Monday, December 07, 2020

Are you a Christian? How do you know?

One of the things I’ve decided about Christianity is that anybody who calls themselves a Christian is a Christian. There really is no authority that says otherwise. Sure, there are authorities. There are multiple authorities. I bet there’s someone reading this right now who would tell me they know how to define someone into or out of Christianity. There do seem to be rules. I’ve had them enumerated for me by one or another helpful Christian in person, and there are more books than you’d ever be able to read, and more TV programs than you’d ever be able to watch, and more radio … Those who have ears to hear, let them hear. 

But they don’t all agree, do they? They can’t all be Christian then. Or. They are all Christian, every Christian as Christian as every other. As each asserts themselves to be.

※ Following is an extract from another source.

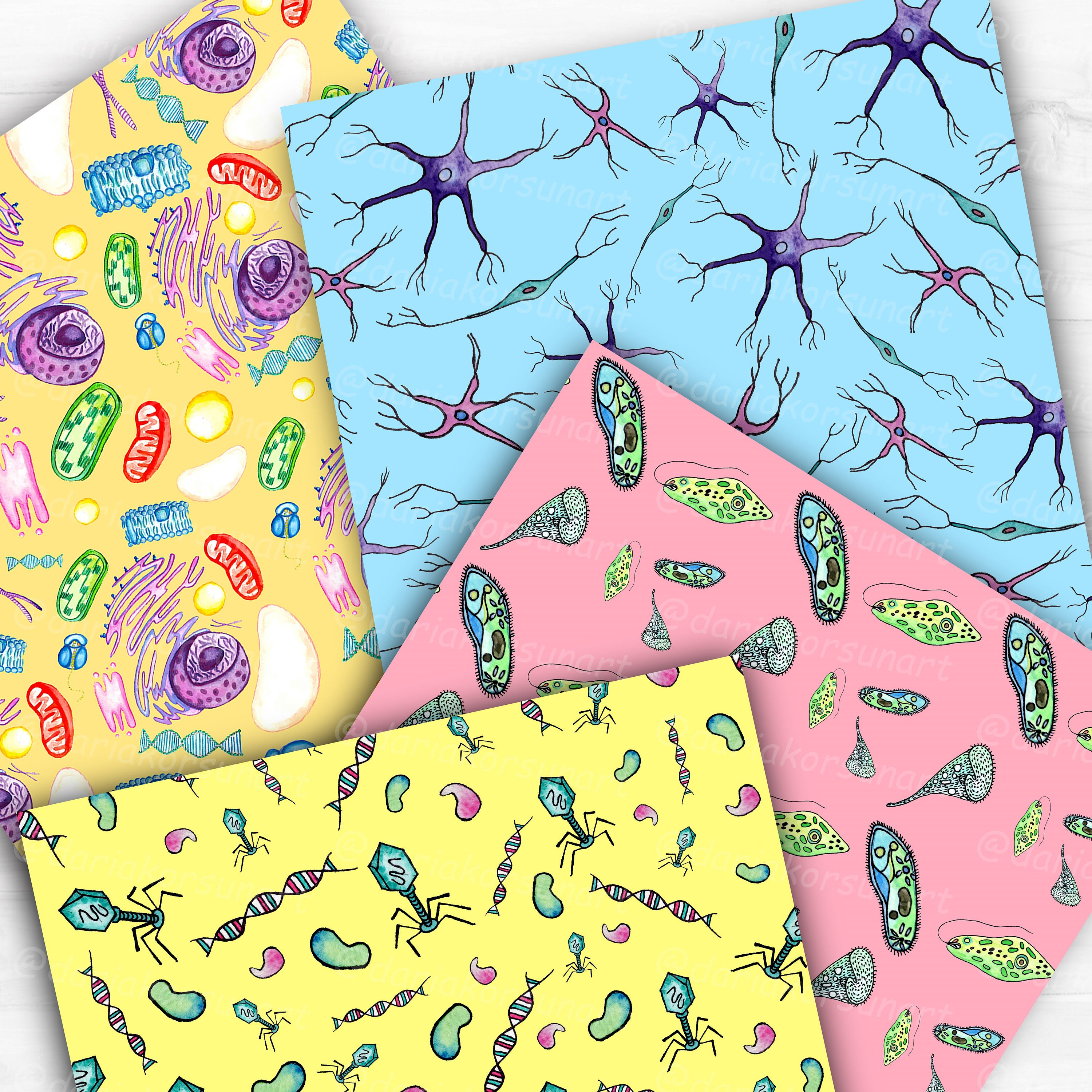 Science Pattern Digital Paper Cell World Biology Science Teacher ...
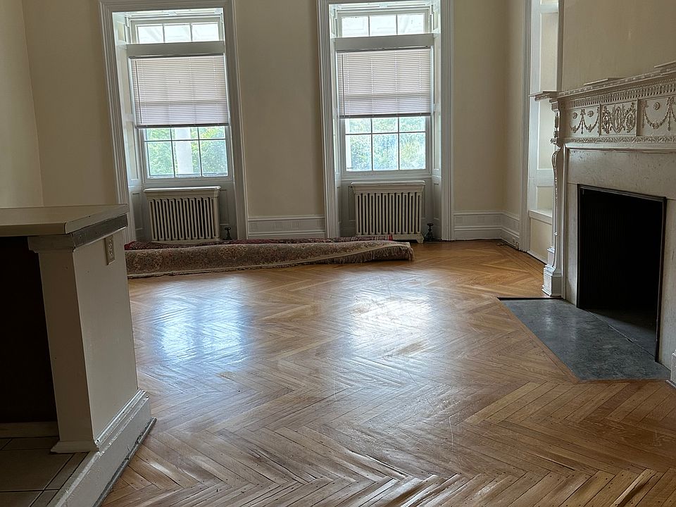Gorgeous, huge one bedroom apartment in historic 1700s mansion a few minutes from Rhinebeck village. Large living room with 15 foot ceilings, parquet wood floors and beautiful mantle and fireplace detail. Large windows provide amazing light. Living room open to efficient kitchen. Enormous bedroom with huge walk-in closet. Modern tiled bath with tub. Heat include. Washer and dryer on premises. Gorgeous veranda, overlooks acres of manicured, estate property with waterfall. Owner, mows, plows and provides garbage. Half month real estate fee. Mainly rentals real estate. Licensed real estate broker.

In his neat explainer Sapiens Yuval Harari offers this take on Christian history:


[I]f we combine all the victims of [the Roman Empire’s] persecutions [of Christians], it turns out that … the polytheistic Romans killed no more than a few thousand Christians. In contrast, over the course of the next 1,500 years, Christians slaughtered Christians by the millions to defend slightly different interpretations of the religion of love and compassion.


Now, I’ve often blamed Christians for all the crimes of Christianity. Christians are certainly responsible for much evil in the world. Yet there are as well nice Christians. Sweethearts, helpful, kind, compassionate. They consider themselves Christian. I can’t just call Christianity the source of evil if there are nice Christians who find it a font of encouragement for practicing love. People seem to find motivation for doing evil — and doing good — in all sorts of ideologies (just another way of saying “religion,” according to Yuval Harari). 


Thus I have decided, as I said above, that it is not my business to police who is and who is not a Christian. Never will I remonstrate against anyone who goes against the supposed tenets of Christianity. The tenets of Christianity are the business of people who call themselves Christian. Those who kill over their disagreements need to be prosecuted for murder. But the disagreement itself is nothing I need have an opinion about. 


source:

Sapiens: a brief history of humankind

by Yuval Noah Harari

2015. HarperCollins, New York

2 comments:

Jim Murdoch said...

We now live in a world where anyone can be anything just because they say so and the same goes for anything they do. A poem, for example, used to be a thing that rhymed and even young children could identify one; a man had a willie and a woman didn't--simple--and the truth was everything that wasn’t a lie. There was no need for debate. But nowadays it's all got so--and so unnecessarily--complicated. Christianity is not a matter of choice. Admittedly working out what exactly the rules are could be easier--never understood why the Bible couldn't be a lot clearer--but there can only be one way, the right way and if it doesn't suit you then be something else and get on with it. We now live in a world where something-else's are more and more accepted. Why can't people just say they're semi-Christian or Sunday Christians or flexi-Christian?

Glenn Ingersoll said...

I'm culturally Christian in that I grew up surrounded by it and know as much about Christianity as most Christians, but these arguments about who is "semi-Christian" or "cafeteria Christian" or whatever, are not arguments, I realized, on which I have a position. Sure, I'd like people not to be hypocrites -- saying one thing and doing another -- but hypocrisy seems to be a foundational requirement for millions of Christians -- and if that's a hidden tenet of Christianity, well, who am I to say different?